Firstly, it’s important to remember that bank balance sheets benefited from the release of COVID-era loss allowances last year. These are the reserves financial institutions amassed as soon as COVID-19 started to spread in order to sponge the possible shock of borrowers being incapable of paying their obligations. For this reason, last year’s earnings were inflated, resulting in a rough year-over-year comparison.
Secondly, based on Morgan Stanley’s year-to-date performance and management’s comments for its Q4 results, full-year consensus estimates point towards $6.55 in earnings per share. While this implies a year-over-year decline of around 20.3% due to last year’s inflated results, it also implies a flat performance against the company’s Fiscal 2020 results and a ~24% increase against the company’s Fiscal 2019 earnings per share.
Therefore, we can conclude that Morgan Stanley’s profitability remains robust even during such a highly challenging period, while its medium-term earnings-per-share growth trajectory remains positive.
Morgan Stanley Stock is Attractively Priced at Current Levels
Morgan Stanley’s management has not provided explicit guidance, but as I mentioned, consensus earnings-per-share estimates point toward $6.55 for Fiscal 2022. Based on the current stock price, this implies a forward P/E ratio of 12.8x. In my view, this multiple should imply a decent point for investors to add to their stakes or initiate a position in the stock. This is because earnings growth in the Investment Banking segment should re-accelerate once the current uncertainty fades, while the stock offers a hefty blended yield at its current levels.
Specifically, during Q3, Morgan Stanley continued to execute aggressive stock buybacks, repurchasing $2.6 billion worth of shares, lowering the total share count by 6% year-over-year. In fact, on a trailing-12-months basis, MS has a “buyback yield” of around 9.3%.
This, combined with the stock’s dividend yield of 3.6%, suggest that shares of Morgan Stanley trade at a blended yield that is north of 12%.

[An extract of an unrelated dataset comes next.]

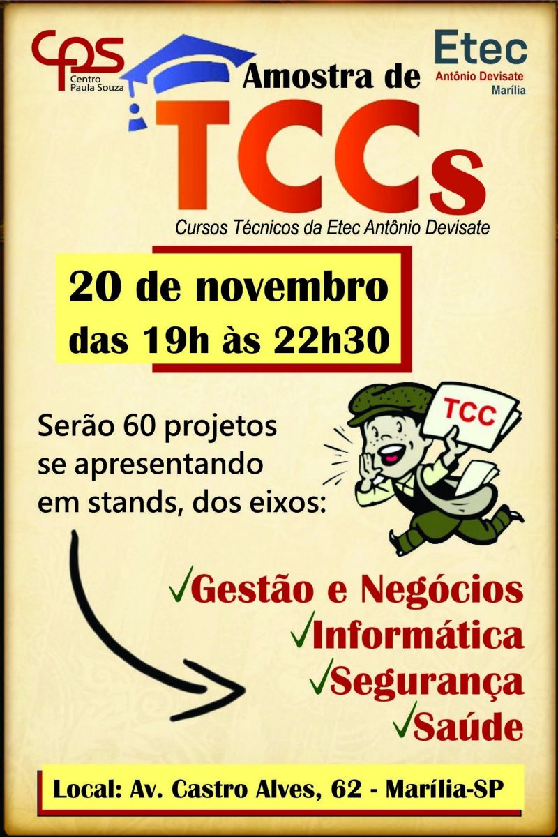 A ETEC Antônio Devisate realizará na próxima sexta-feira, 20, a partir das 19h, a apresentação dos TCC's (Trabalho de Conclusão de Curso) das turmas técnicas da escola.

Consequently, despite some banks trading at slightly lower multiples, Morgan Stanley’s modest premium is well-deserved, with its bulky capital returns offering a wide margin of safety.
Is MS Stock a Buy or Sell, According to Analysts?
Turning to Wall Street, Morgan Stanley has a Moderate Buy consensus rating based on eight Buys, five Holds, and one Sell assigned in the past three months. At $93.83, the average Morgan Stanley price target implies 11.2% upside potential.
Takeaway: MS is a Solid Bank to Consider
Investing in banks these days can seem daunting. However, Morgan Stanley has clearly demonstrated that it can produce robust profits even with its Investment Banking segment underperforming in a tough capital market environment.
Considering its earnings growth should rebound once market conditions normalize, combined with the double-digit combined yield the stock is offering at its current levels, I believe that Morgan Stanley is a solid bank to consider buying.